Problem to solve
Pictures are not part of the answer. Return the lines from the one containing "Dimensions: Board: 30cm" through the end of the data, both included, exactly as they appear.

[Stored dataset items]
..............................

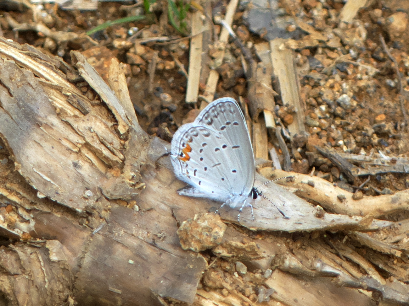 So let's get to the stationary butterfly identification. Below is an azure, and you can identify it by what it lacks:
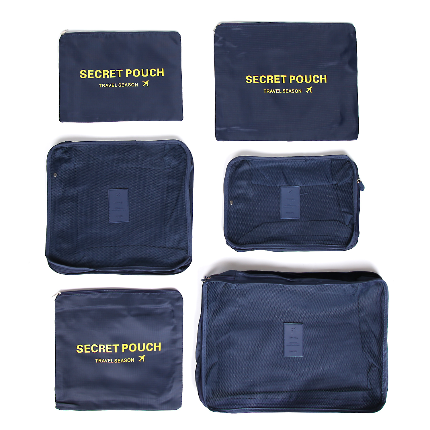 Набор дорожных органайзеров FABRETTI, 6 шт. В комплекте: 3 дорожные сумки на молнии с сеткой и ручкой 40х30х12 см, 30х27х12 см, 30х20х8 см и 3 органайзера-конверта на молнии 36х28 см, 28х26 см, 26х17 см. Комплект изготовлен из износостойкого качественного полиэстера в темно-синем цвете. Дорожный набор идеально подходит для хранения вещей и разных мелочей. В поездках органайзеры обеспечат порядок в чемодане и в номере, при этом защитят ваши вещи от пыли, грязи, влаги и механических повреждений. Могут использоваться как органайзеры для хранения вещей, белья, обуви в шкафу, в комоде, в прихожей или в спальне.
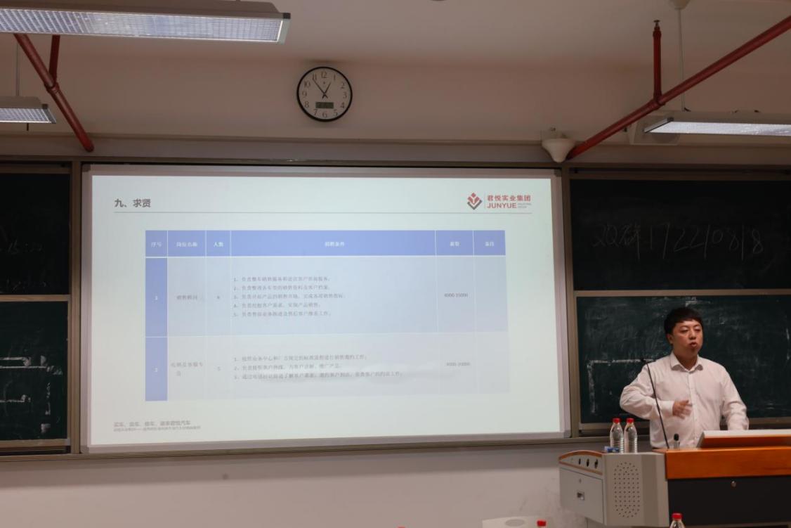2024年5月7日,福州市君悅佳奧汽車(chē)銷(xiāo)售有限公司的負(fù)責(zé)人蒞臨我校軌道交通學(xué)院,針對(duì)于軌道交通學(xué)院畢業(yè)生畢業(yè)后的就業(yè)問(wèn)題在實(shí)訓(xùn)樓809教室展開(kāi)了專(zhuān)項(xiàng)宣講會(huì),拓寬我院畢業(yè)生就業(yè)渠道,有效的選擇優(yōu)質(zhì)的就業(yè)崗位,進(jìn)一步推動(dòng)和提升學(xué)生就業(yè)質(zhì)量。
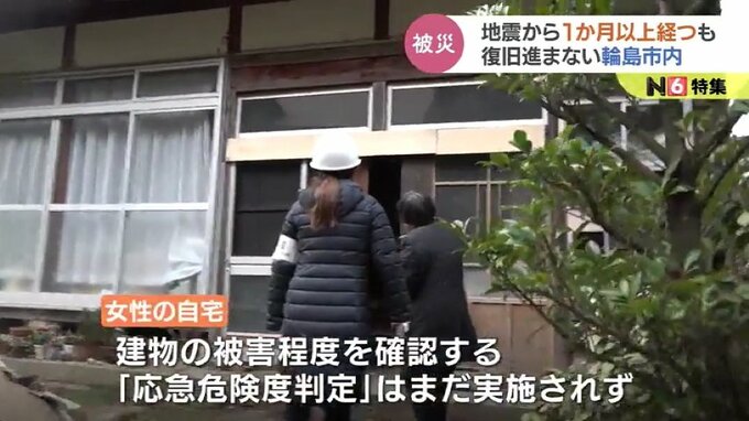 自宅は、壁や天井がはがれ一部梁が傾くなどの被害が。自治体が主体となって被災した建物の被害程度を確認する「応急危険度判定」すら行われていません。
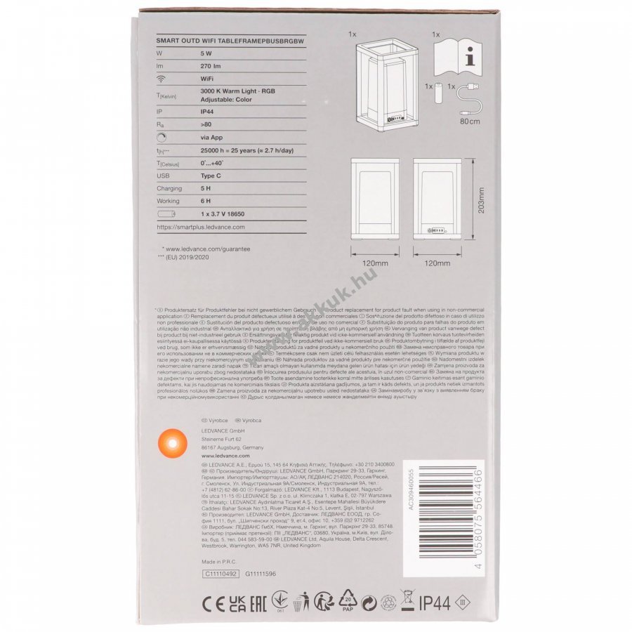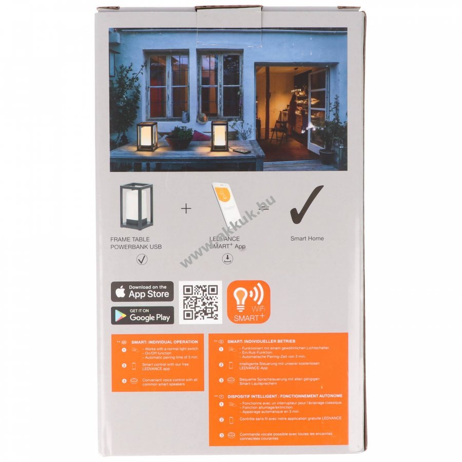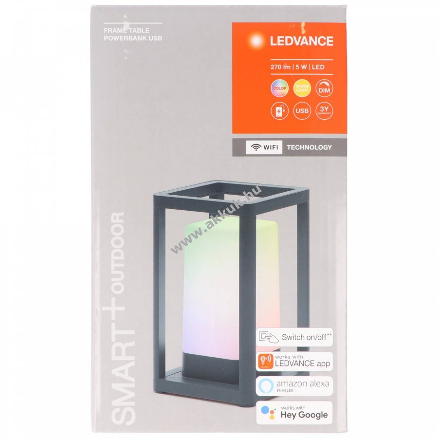 LEDVANCE Smart+ WiFi kültéri akkus asztali lámpa RGBW színmódokkal, beépített USB töltéssel és powerbank funkcióval, IP44 védettség, sötétszürke
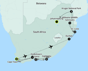 Ontdek de Tuinroute, spot nijlpaarden en kampeer onder de sterren in het Kruger Nationaal Park. Het strand-, stads- en safarileven staan hoog op de agenda tijdens deze fantastische reis!
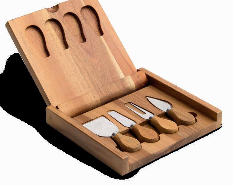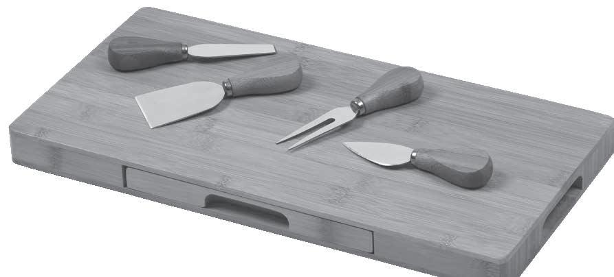 Dimensions: Board: 30cm W x 1.5cm H x 20cm D, Bowls: 4cm H x 9.2cm Dia., Spoons: 10cm L, Cheese knife: 20cm L, Spreader knife: 18.5cm L
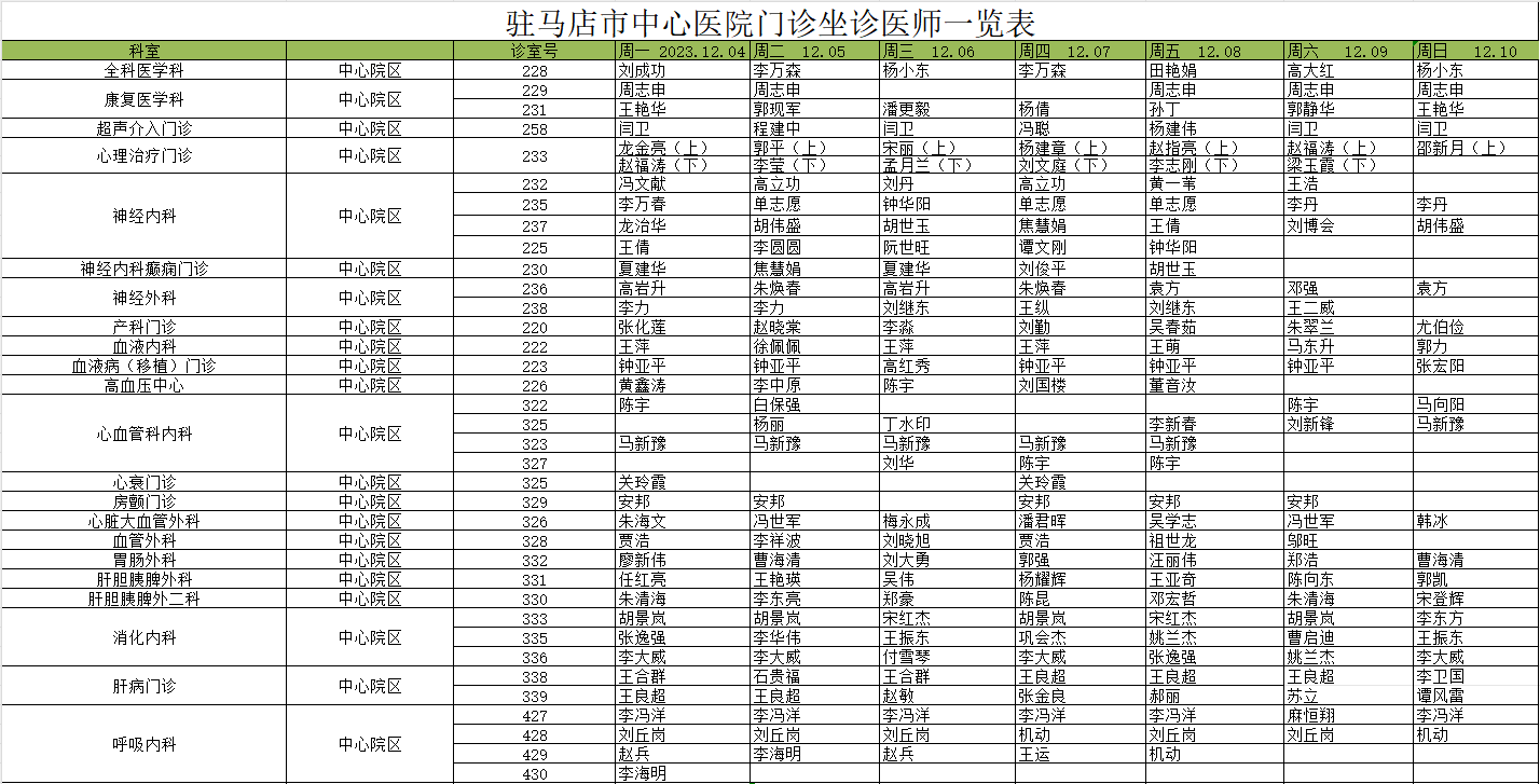 驻马店市中心医院门诊坐诊信息一览表(含妇儿院区)
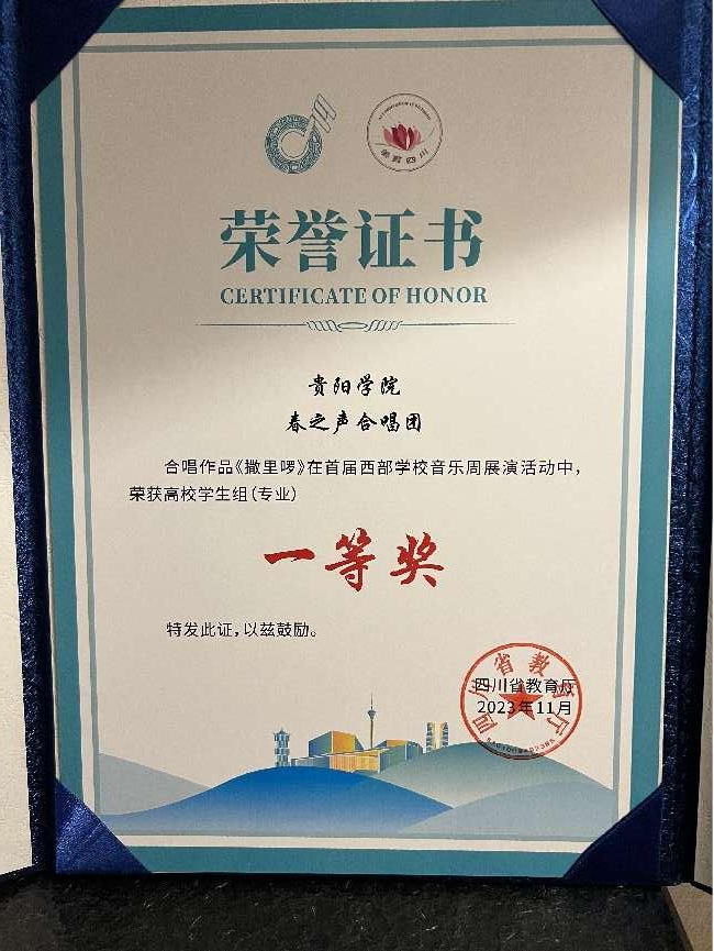 展演分为小学组、中学组、高校组(非专业、专业)三个组别进行展演。由贵州省教育厅选送的金年会jinnianhuicom“春之声”合唱团代表贵州参加展演活动,经过激烈的比拼不负众望,学校“春之声”合唱团荣获了高校学生组(专业)一等奖,为贵州争得了荣誉。
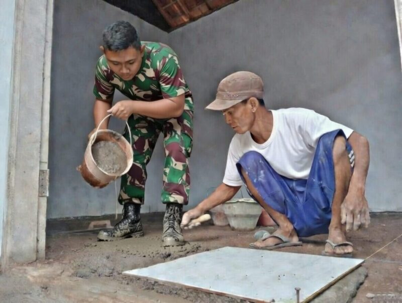 Di tengah hamparan material bangunan dan aroma semen yang masih basah, prajurit Satgas TMMD Ke-127 Kodim 0819/Pasuruan terlihat tekun menata satu per satu kepingan keramik di lantai mushola, yang sedang dibangun di Dusun Kili, Desa Wonosari, Kecamatan Gondangwetan, Kabupaten Pasuruan, Minggu (1/3/2026)
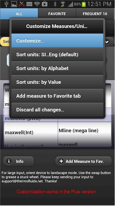 8 مستويات مختلفة من التخصيص: مقياس يمكن إضافتها أو حذفها من علامة التبويب المفضلة. وبمجرد الإعلان عن تدبير المفضلة، وحدات يمكن فرزها أبجديا أو حسب القيمة من خلال اختيار الأمر فرز من القائمة تخصيص. يمكن حذف وحدات غير المرغوب فيها ببساطة عن طريق مواءمة عجلات للوحدة غير مرغوب فيها والنقر على زر حذف. يمكن إضافة وحدة جديدة أو حتى تدابير جديدة.
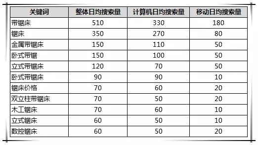 比如市民王先生想購(gòu)買一臺(tái)4028臥式帶鋸床,他先在百度上輸入“帶鋸床”這個(gè)詞出來(lái)一些公司,一 一 查閱后感覺(jué)不滿意,他再輸入“臥式帶鋸床”這個(gè)詞搜索,還是不滿意,最后他用“4028臥式帶鋸床”搜索。其中帶鋸床、臥式帶鋸床、4028臥式帶鋸床,都是市民王先生用過(guò)的關(guān)鍵詞。

..............................

Answer
 Dimensions: Board: 30cm W x 1.5cm H x 20cm D, Bowls: 4cm H x 9.2cm Dia., Spoons: 10cm L, Cheese knife: 20cm L, Spreader knife: 18.5cm L
 驻马店市中心医院门诊坐诊信息一览表(含妇儿院区)
 展演分为小学组、中学组、高校组(非专业、专业)三个组别进行展演。由贵州省教育厅选送的金年会jinnianhuicom“春之声”合唱团代表贵州参加展演活动,经过激烈的比拼不负众望,学校“春之声”合唱团荣获了高校学生组(专业)一等奖,为贵州争得了荣誉。
 Di tengah hamparan material bangunan dan aroma semen yang masih basah, prajurit Satgas TMMD Ke-127 Kodim 0819/Pasuruan terlihat tekun menata satu per satu kepingan keramik di lantai mushola, yang sedang dibangun di Dusun Kili, Desa Wonosari, Kecamatan Gondangwetan, Kabupaten Pasuruan, Minggu (1/3/2026)
 8 مستويات مختلفة من التخصيص: مقياس يمكن إضافتها أو حذفها من علامة التبويب المفضلة. وبمجرد الإعلان عن تدبير المفضلة، وحدات يمكن فرزها أبجديا أو حسب القيمة من خلال اختيار الأمر فرز من القائمة تخصيص. يمكن حذف وحدات غير المرغوب فيها ببساطة عن طريق مواءمة عجلات للوحدة غير مرغوب فيها والنقر على زر حذف. يمكن إضافة وحدة جديدة أو حتى تدابير جديدة.
 比如市民王先生想購(gòu)買一臺(tái)4028臥式帶鋸床,他先在百度上輸入“帶鋸床”這個(gè)詞出來(lái)一些公司,一 一 查閱后感覺(jué)不滿意,他再輸入“臥式帶鋸床”這個(gè)詞搜索,還是不滿意,最后他用“4028臥式帶鋸床”搜索。其中帶鋸床、臥式帶鋸床、4028臥式帶鋸床,都是市民王先生用過(guò)的關(guān)鍵詞。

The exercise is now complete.